It all comes down to use. It comes in two flavors is there a logical identifier in my data that will be consitently be searched upon for use or do I just care about file efficientcy.
(1) Logical identifier, if your data has a column(s) that are being used consitently (i.e. transaction time or input time) you can parttion along those lines, this will allow for your process to quickly parse the data allowing quicker query time. The downside to partitioning is that going over 2K is known to break technologies like Impala so don't go too crazy.
(2) Size partitioning, if you are looking at just optimizing file size for movement around the environment and other services/tools. I would advise trying to set the data size to 128MB per partition.

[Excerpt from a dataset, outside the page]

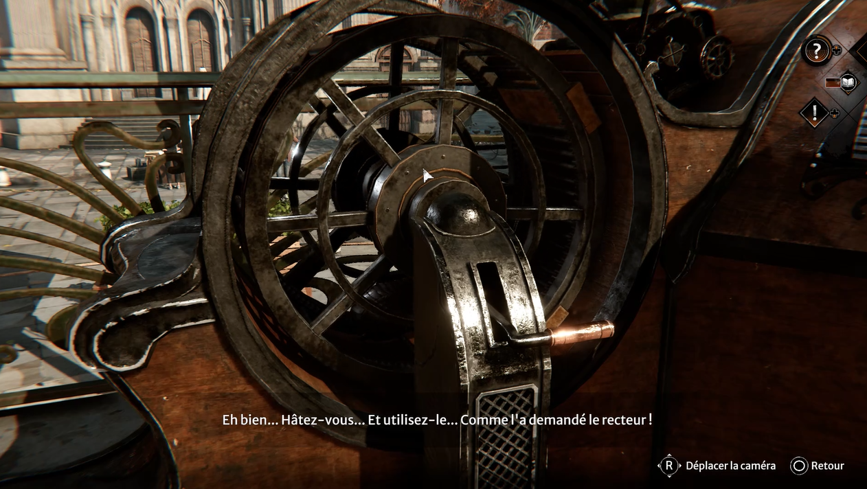 Entrez dans l’ascenseur et explorez la zone. Utilisez la manivelle près d’une échelle pour ouvrir les portes du beffroi. Près de la manivelle, sur une caisse rouge, récupérez une pièce mécanique qui vous servira par la suite. Dirigez-vous maintenant vers le moteur du mécanisme du beffroi pour le mettre en marche.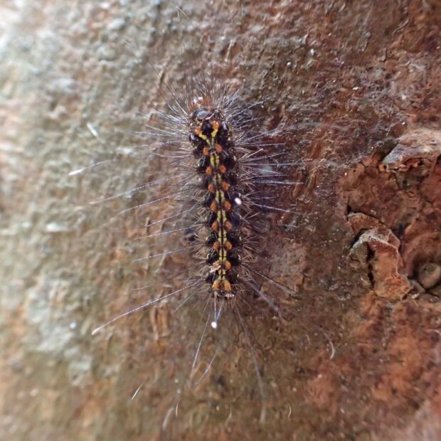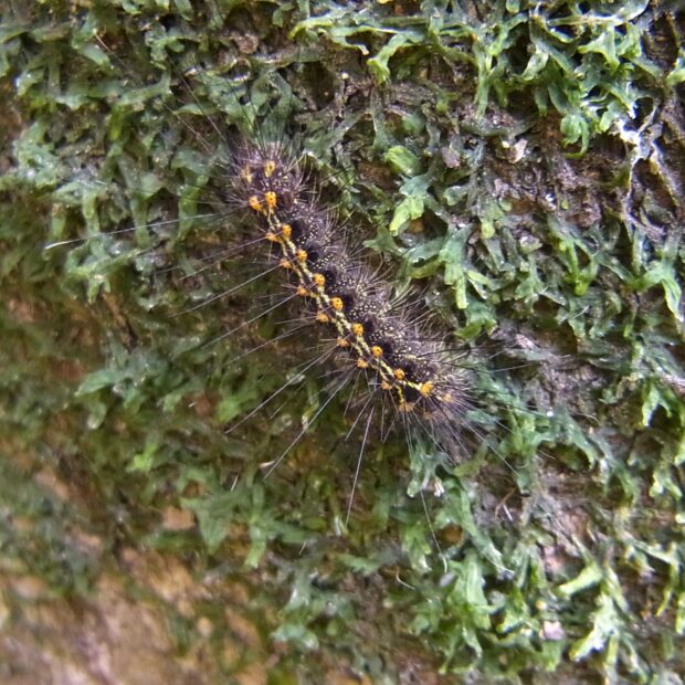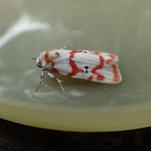 ヒトリガ科コケガの仲間。 白いはねに赤い帯と黒い紋がある美しいガ。 幼虫は地衣類やコケのついた木の幹で見られ、 驚くと落下し動かなくなります。

This will allow for quicker movement over other tool that might have issues processing a series of smaller files (i.e. AWS S3). Below is some code for setting your partitions based on data size.
import org.apache.spark.sql.functions._
import org.apache.spark.sql.types._
import org.apache.spark.sql.DataFrame
import org.apache.spark.util.SizeEstimator
val inputDF2 : Long = SizeEstimator.estimate(inputDF.rdd)

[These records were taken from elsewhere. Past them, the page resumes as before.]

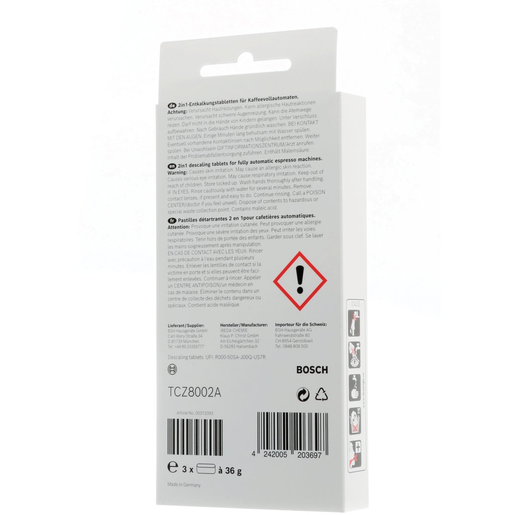 Optimalizováno pro proces automatického odstraňování vodního kamene plně automatických espresso kávovarů Bosch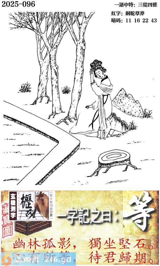 096期跑狗一字記之曰:【等】 幽林孤影,獨坐堅石。 心有所等,待君歸期。 玄機測字:《櫪》 一語中特:三從四德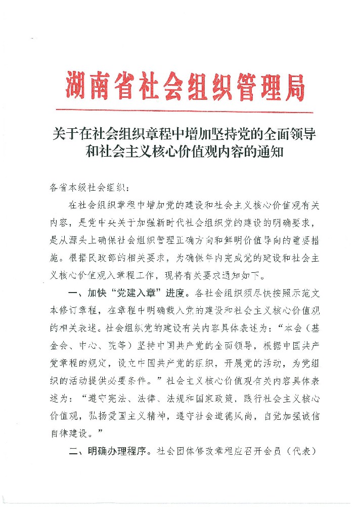 关于在社会组织章程中增加坚持党的全面领导和社会主义核心价值观的通知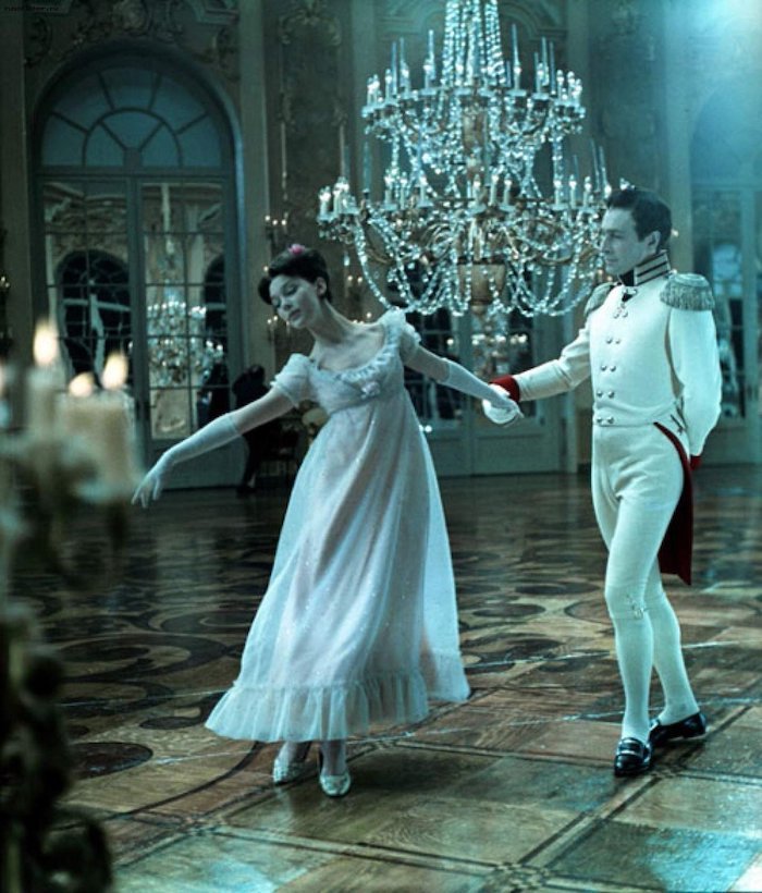 Наряды и декорации в фильме просто волшебны. Особенно по душе пришлось зрителям нежное платье Наташи Ростовой.

//find its appropiate number of partitions
val numPartitions : Long = (inputDF2/134217728) + 1
//write it out with that many partitions
val outputDF = inputDF.repartition(numPartitions.toInt)
Without knowing your data I cannot tell you if it would be better to partition by logical identified, by byte size, or a combination of both. I hope I gave you enough information to help you figure out what you want to do.